## Exercise details
Below are the records; print them again exactly and omit the pictures.

Records drawn from a dataset
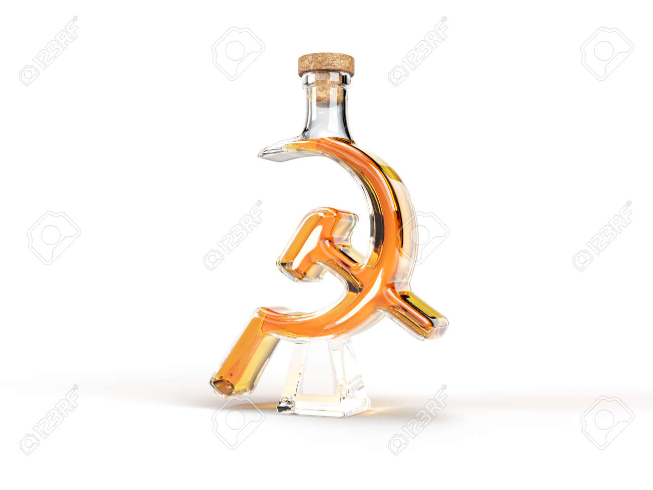 Botella Con Forma De Hoz Y Martillo Con Whisky En Su Interior. Ilustración 3d, Adecuada Para Temas De Fuentes, Alcohol Y Bebidas. Fotos, retratos, imágenes y fotografía de archivo libres de derecho.
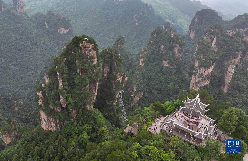 7月10日,游客在張家界國家森林公園黃石寨游覽(無(wú)人機照片)。
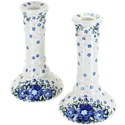 Blue Rose Polish Pottery 293 Vena Candlestick Pair
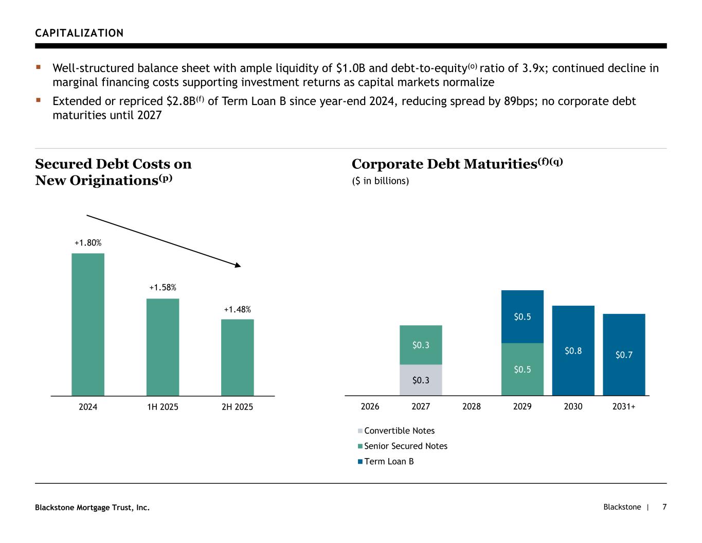 Blackstone |Blackstone Mortgage Trust, Inc. CAPITALIZATION 7 Well-structured balance sheet with ample liquidity of $1.0B and debt-to-equity(o) ratio of 3.9x; continued decline in marginal financing costs supporting investment returns as capital markets normalize Extended or repriced $2.8B(f) of Term Loan B since year-end 2024, reducing spread by 89bps; no corporate debt maturities until 2027 Corporate Debt Maturities(f)(q) ($ in billions) Secured Debt Costs on New Originations(p) $0.3 $0.3 $0.5 $0.5 $0.8 $0.7 2026 2027 2028 2029 2030 2031+ Convertible Notes Senior Secured Notes Term Loan B +1.80% +1.58% +1.48% 2024 1H 2025 2H 2025
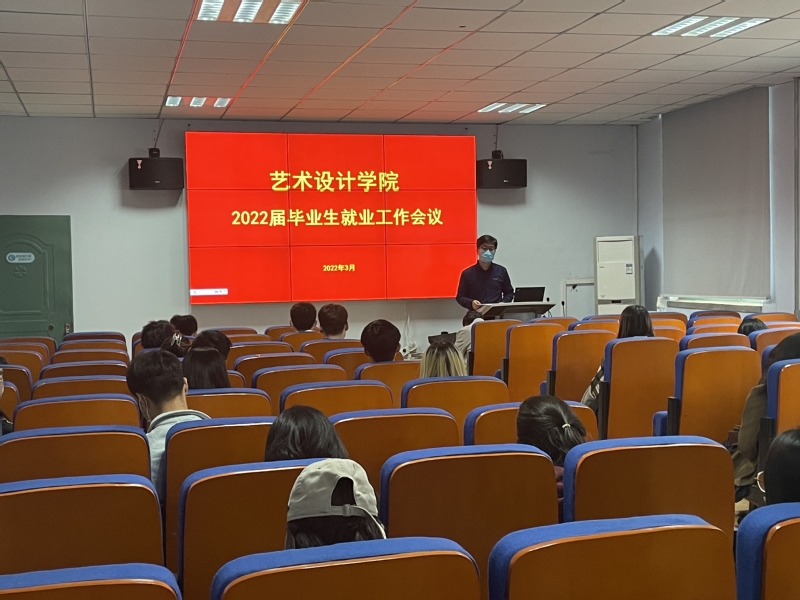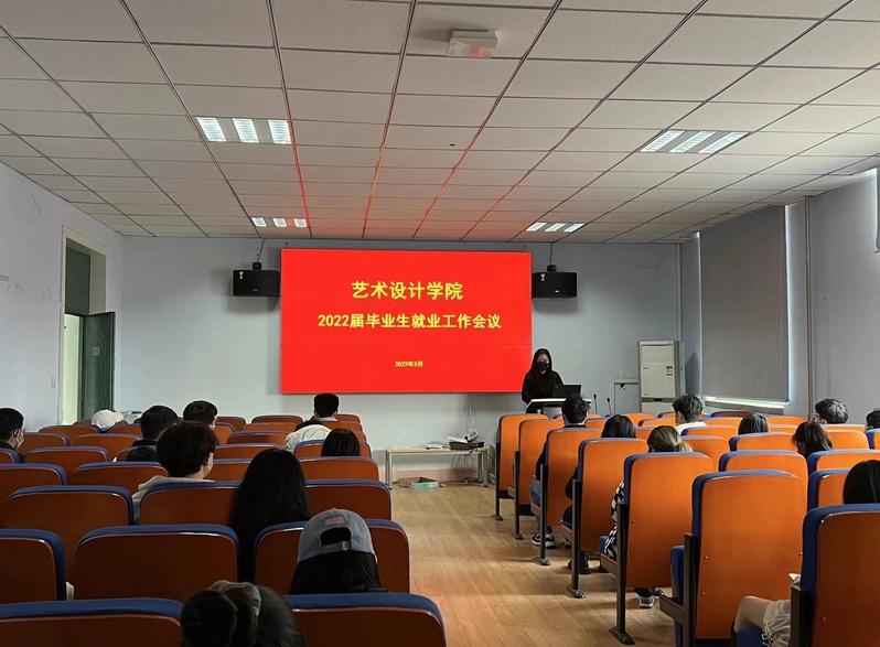 为进一步做好2022届毕业生就业指导工作,帮助毕业生了解就业形势,做好就业规划,3月16日至3月18日,艺术设计学院在东风校区东四楼301室分专业、分时段举行2022届毕业生就业工作会议,学院党委副书记贾红雨、团委书记、毕业班辅导员孙丰、就业专职辅导员陈梦涵以及全体毕业生参加了本次会议。会议由孙丰主持。

## Answer to this exercise
 Botella Con Forma De Hoz Y Martillo Con Whisky En Su Interior. Ilustración 3d, Adecuada Para Temas De Fuentes, Alcohol Y Bebidas. Fotos, retratos, imágenes y fotografía de archivo libres de derecho.
 7月10日,游客在張家界國家森林公園黃石寨游覽(無(wú)人機照片)。
 Blue Rose Polish Pottery 293 Vena Candlestick Pair
 Blackstone |Blackstone Mortgage Trust, Inc. CAPITALIZATION 7 Well-structured balance sheet with ample liquidity of $1.0B and debt-to-equity(o) ratio of 3.9x; continued decline in marginal financing costs supporting investment returns as capital markets normalize Extended or repriced $2.8B(f) of Term Loan B since year-end 2024, reducing spread by 89bps; no corporate debt maturities until 2027 Corporate Debt Maturities(f)(q) ($ in billions) Secured Debt Costs on New Originations(p) $0.3 $0.3 $0.5 $0.5 $0.8 $0.7 2026 2027 2028 2029 2030 2031+ Convertible Notes Senior Secured Notes Term Loan B +1.80% +1.58% +1.48% 2024 1H 2025 2H 2025
 为进一步做好2022届毕业生就业指导工作,帮助毕业生了解就业形势,做好就业规划,3月16日至3月18日,艺术设计学院在东风校区东四楼301室分专业、分时段举行2022届毕业生就业工作会议,学院党委副书记贾红雨、团委书记、毕业班辅导员孙丰、就业专职辅导员陈梦涵以及全体毕业生参加了本次会议。会议由孙丰主持。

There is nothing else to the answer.